Fu, the elder one, is emaciated, thin and short which lends a boyish looks to his persona. Sheng, the younger one, as he jumps to stress, is portly and palpably more cheerful in disposition. It is perhaps a kind of nuanced openness that has apparently bestowed the commandeering status on the younger brother. Thus when the families expanded, and it was realised that the restaurant would not sustain both the families; Fu had to shift lock, stock and barrel to Nowshera. The restaurant in Nowshera, save for its architecture, is the exact replica of the one in Abbottabad.
With plenty of red chandeliers and the ubiquitous dragon in numerous postures showing him either squatting or flying, flying or fuming, at every conceivable slot, the ambience of the two restaurants represent the Chinese culture in all its popular manifestations. The two even have the same menu catalogues, and quite antiquated at that. The table cloths, crockery and furnishings have rarely if ever been changed ostensibly due to the economic constraints that the Chang families have to put up with. But it is the food that they offer to their limited clientele which in all fairness must be used to rate their standard and ranking. With that being the criteria, the Changs have no rivals in as far as one has traveled in this country and tasted the Chinese cuisine. The hallmark of the Dragon Palace restaurants is the exemplary price range, which one and all can afford with plenty of good taste in the mouth and little strain on the purse in these dizzying days of spiraling inflation.
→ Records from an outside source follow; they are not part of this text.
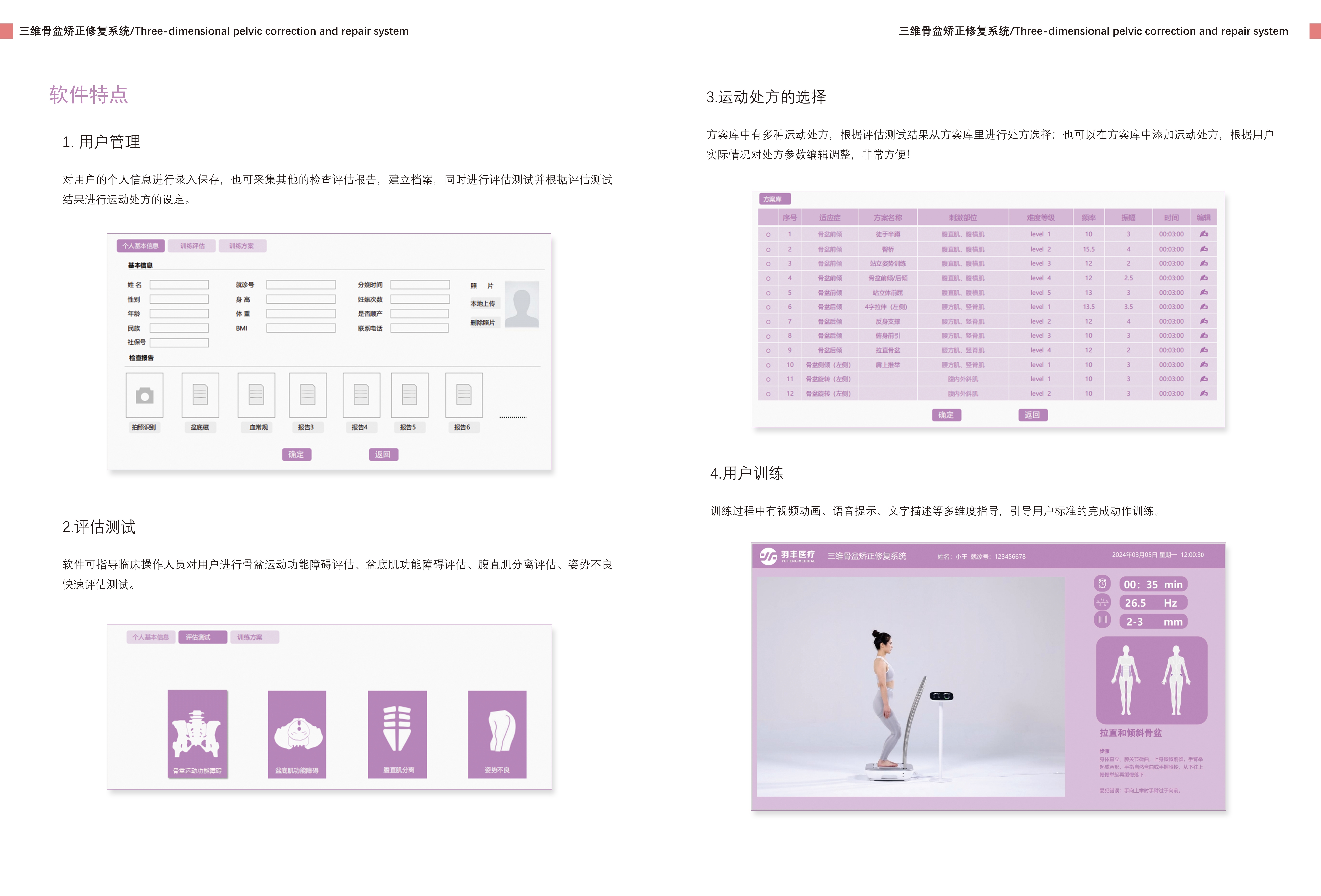 三维骨盆矫正修复系统是基于人体行走的盆骨及双下肢步态模式而设计的左右交替倾斜运动模式的设备。可以引起两侧骨盆的交替倾斜同行走时的模式相似,而且速度更快。当振动达到一定频率时,肌肉开始产生牵张反射,能更好的锻炼肌肉间/肌肉内的协调性,激活从下肢到躯干的所有肌群,使全身肌群得到高效的训练。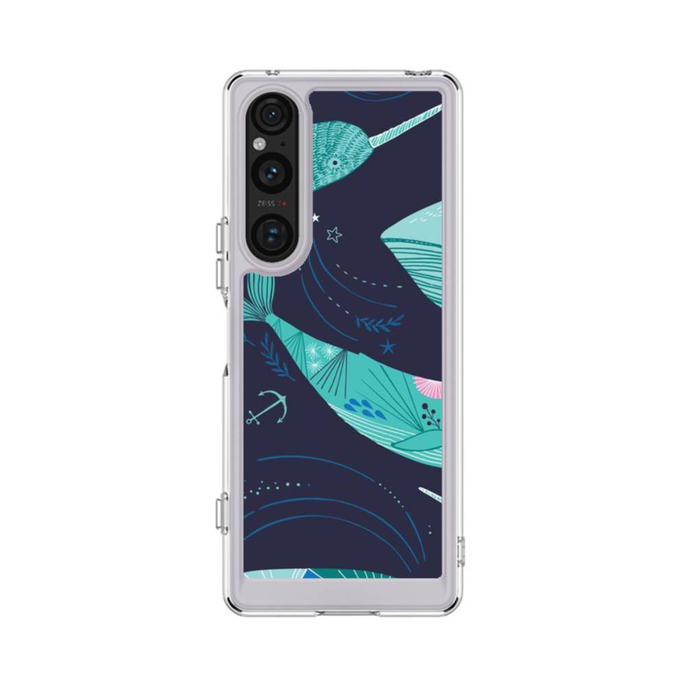 ミントグリーン・クジラ Sony Xperia 1 V クリアケース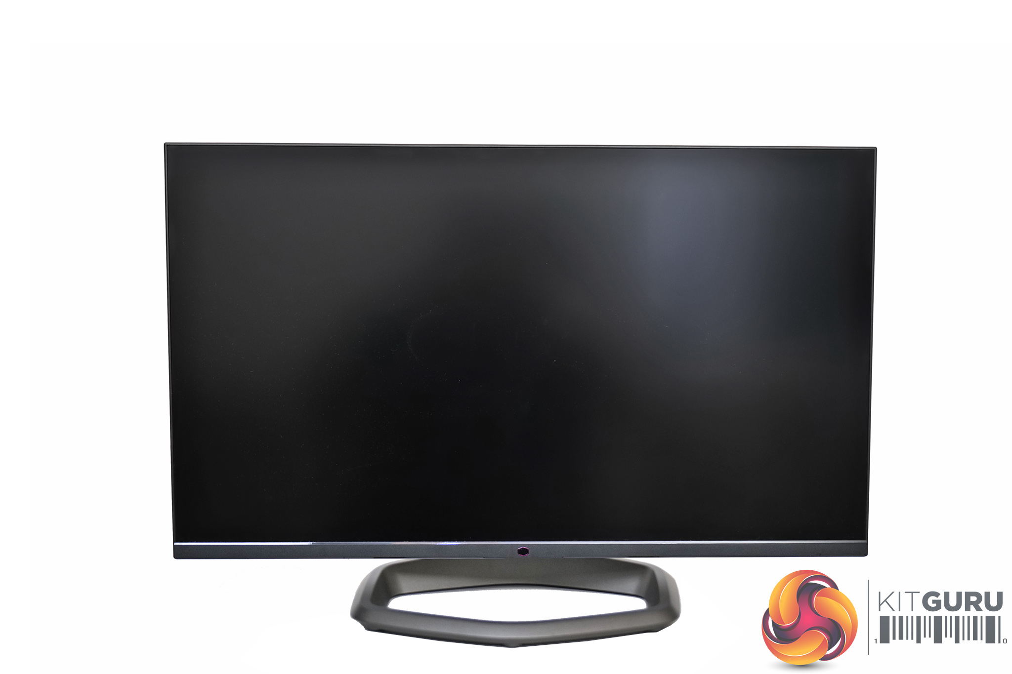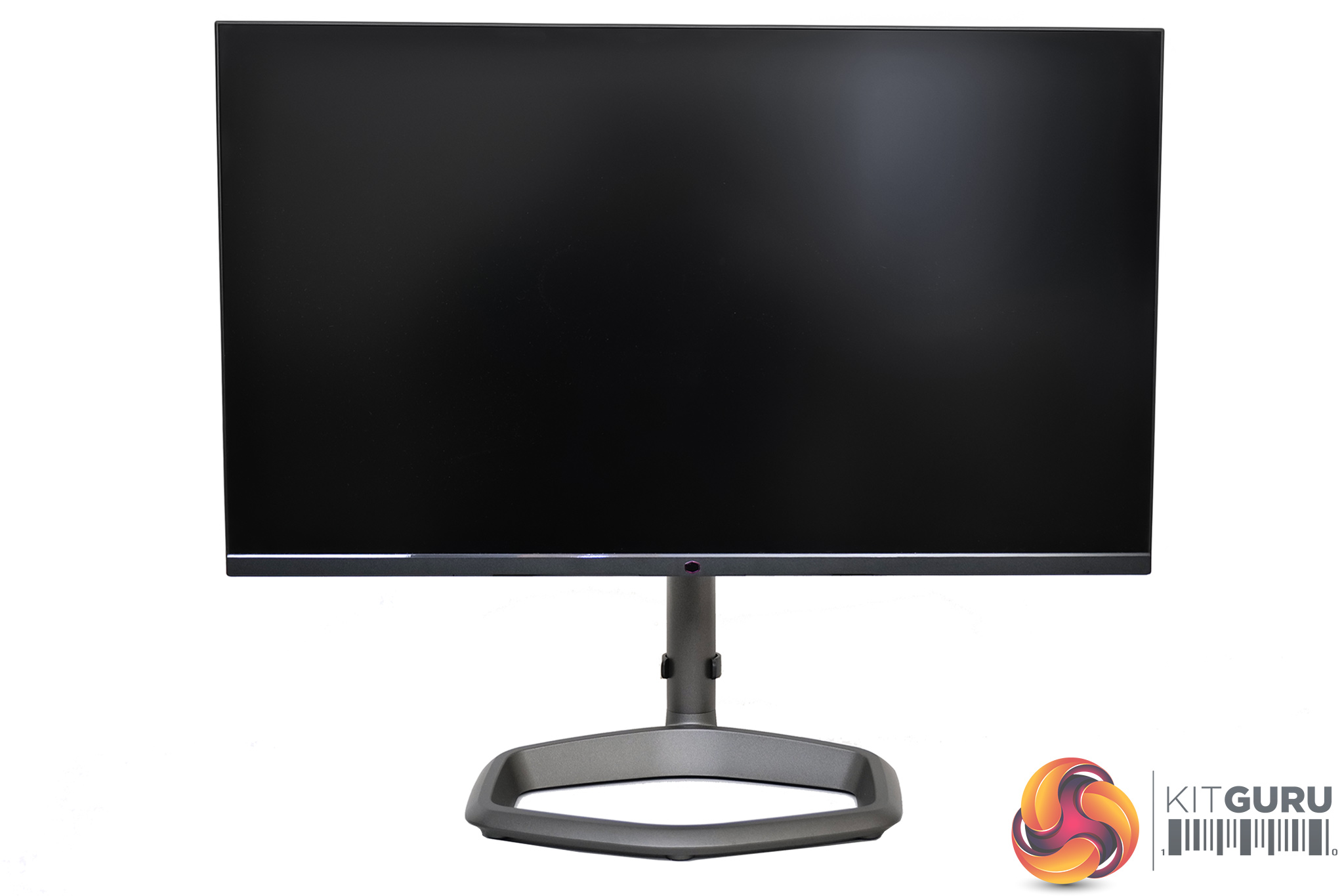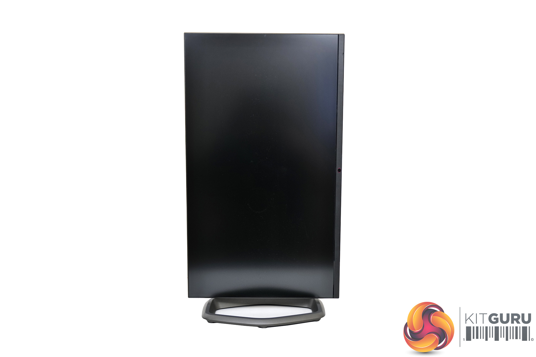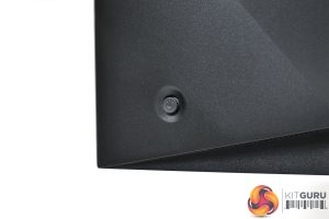 Round the back, the rear of the screen is made from matte black plastic. Those light grey/white-ish sections you can see are RGB diffusers, with one strip in each of the top corners, as well as a circular section around the central stand mount.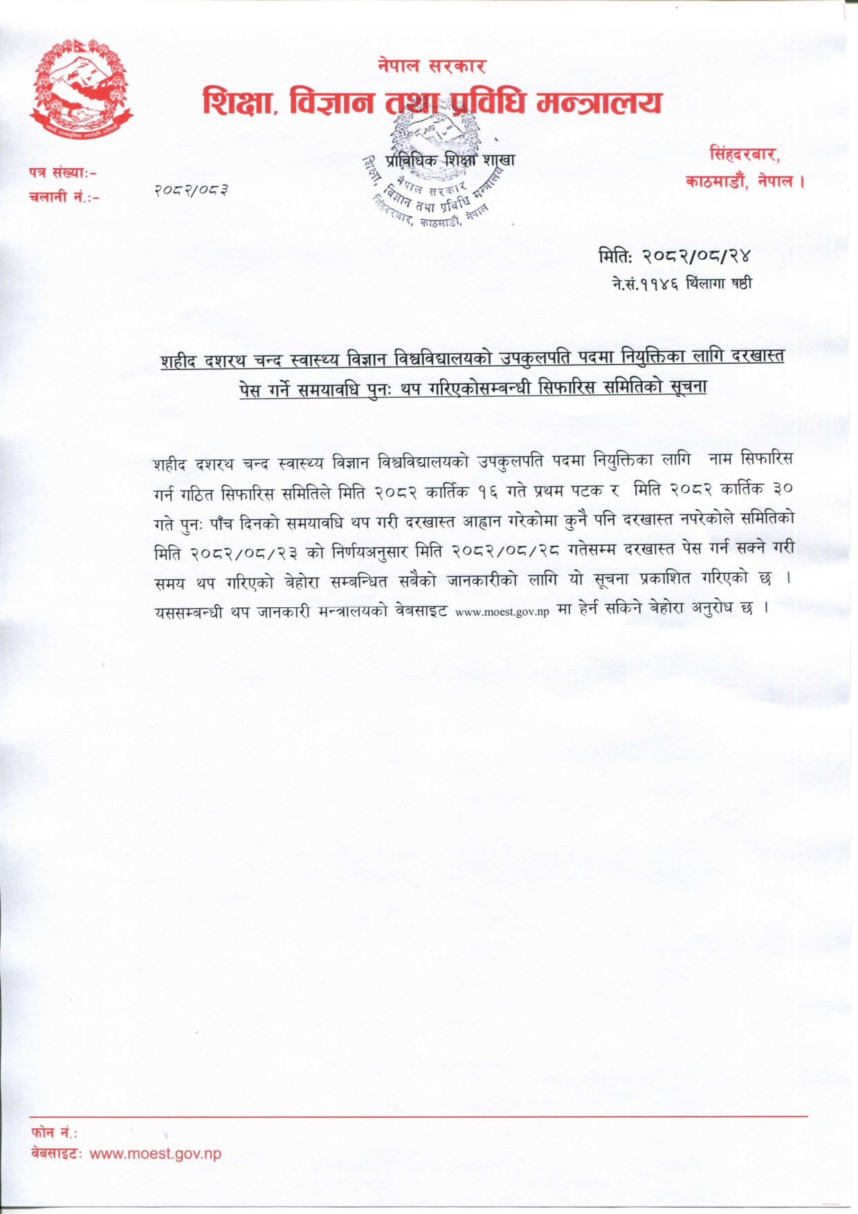 मन्त्रालयले उपकुलपति नियुक्तिका लागि पहिलो पटक कात्तिक १६ गते १५ दिनको म्याद तोकेर दरखास्त आह्वान गरेको थियो । उक्त अवधिमा कसैले पनि आवेदन नदिएपछि पाँच दिनको म्याद तोकेर दोस्रो पटक आवेदन आह्वान गरेको थियो । दोस्रो दिनको म्याद मङ्सिर ५ गते (शुक्रबार) सकिएको थियो ।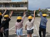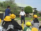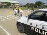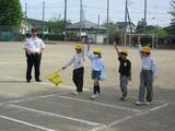 ○後半は、校庭に準備した模擬道路を使って、実際の歩行、横断について練習しました。出流原駐在所のお巡りさんにご指導いただき、何度も実践することができました。
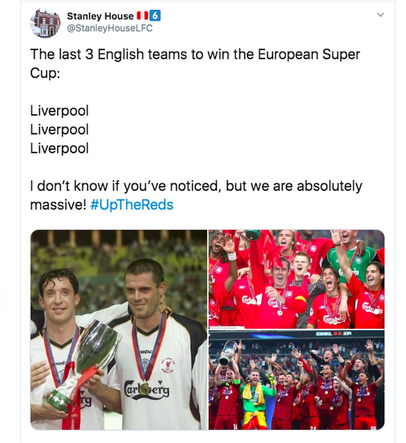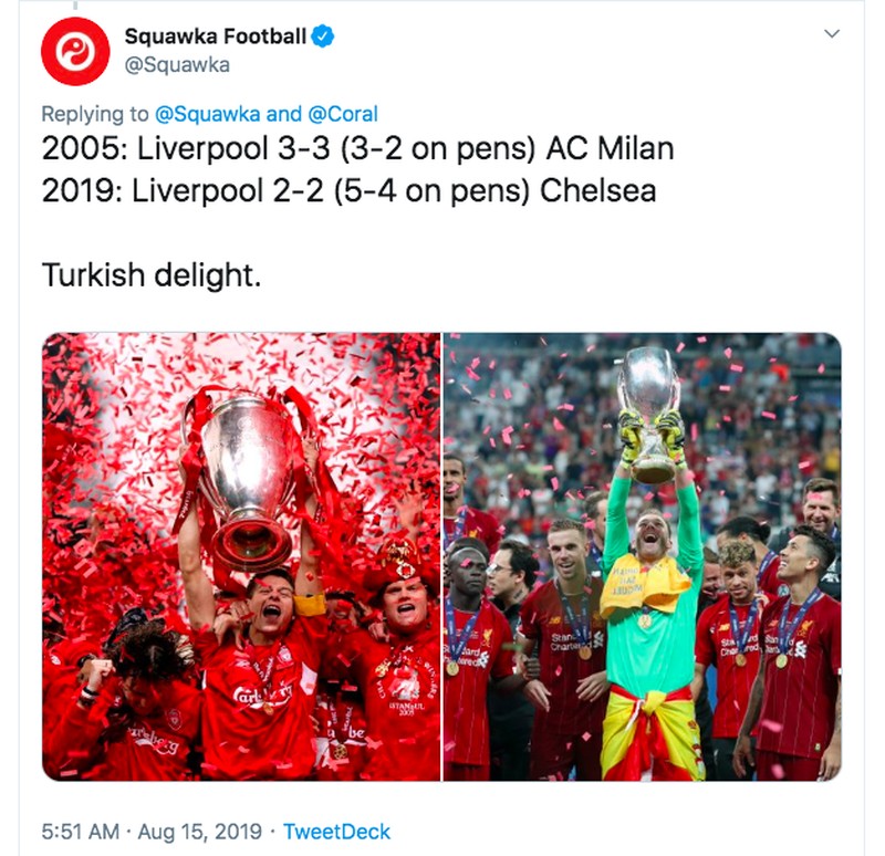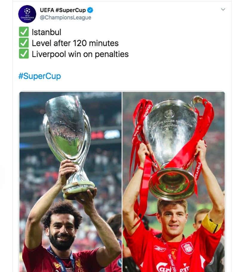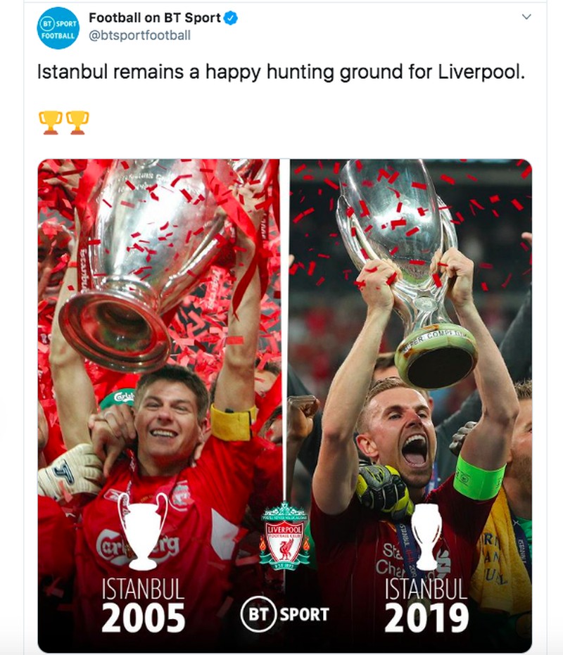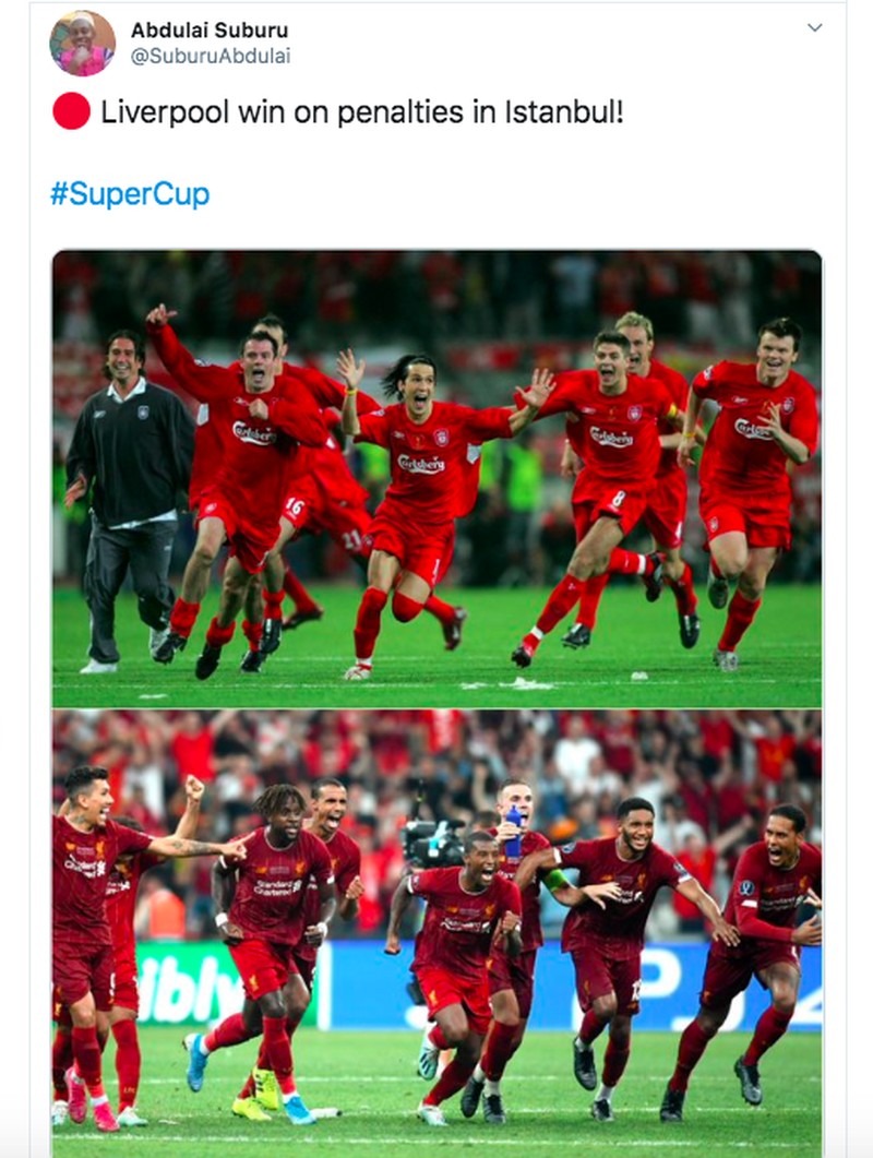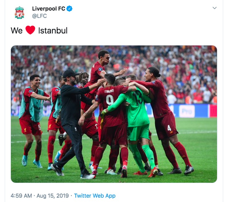 Kami cinta Istanbul, begitu tulis akun resmi Liverpool di Twitter usai menang adu penalti lawan Chelsea dan menggondal piala Super Eropa. Foto: istimewa

Changs have styled and named some of their dishes after some popular Chinese provinces like Hunan and Sichuan. The stirred fried chicken, or beef, in hot and sour sauce (Hunan style) is one of the delicacies together with honey fried chicken or beef, which one has not found on any other menu, are simply irresistible. ‘Even if there be similar or more enticing dishes on offer elsewhere, those dishes have an uncanny resemblance in appearance and taste with the Indian curry,’ one heard someone remarking. This is not so in the case of Dragon Palace where the distinct Chinese touch is always quite perceptible.
One may also try fried chicken wrapped in paper in any other Chinese outlet including those set up in the five star hotels and compare it with the one offered in the Dragon Palace. The proof would be instantly known, as the one made by the Changs simply tantalises the taste buds. Same is true of the popular chow mein dishes, and a variety of soups. The sizzling hot and sour soup with a sprinkling of fried rice is one of its kinds available only in the Dragon Palace. Unfortunately, however, Fu has discontinued it in Nowshera citing sluggish clientele issues.It is so very unfortunate that so many of Fu’s decisions are dictated by his economic constraints. On a recent visit he was asked about the availability of jumbo fried prawns, but he had little better to offer in terms of an explanation except a guffaw. He did, however, proposed to offer tuna fish fried in plenty of brown spicy sauces, and that turned out to be quite a savouring substitute.
The two brothers could have made it really big in any other major city of the country, but they seem content with their small time concerns. Here they remind one of the stoic, ancient monks who found Nirvana in the Gandhara, the present day Khyber Pakhtunkhwa. Whatever, the two Chinese, especially Fu, must be given all credit for his great adventure in the godforsaken limits of Nowshera that keeps providing one with scores of opportunity to enjoy the sights and sounds of the fabled GT Road, which one would otherwise avoid for the comforts of the modern Motorway.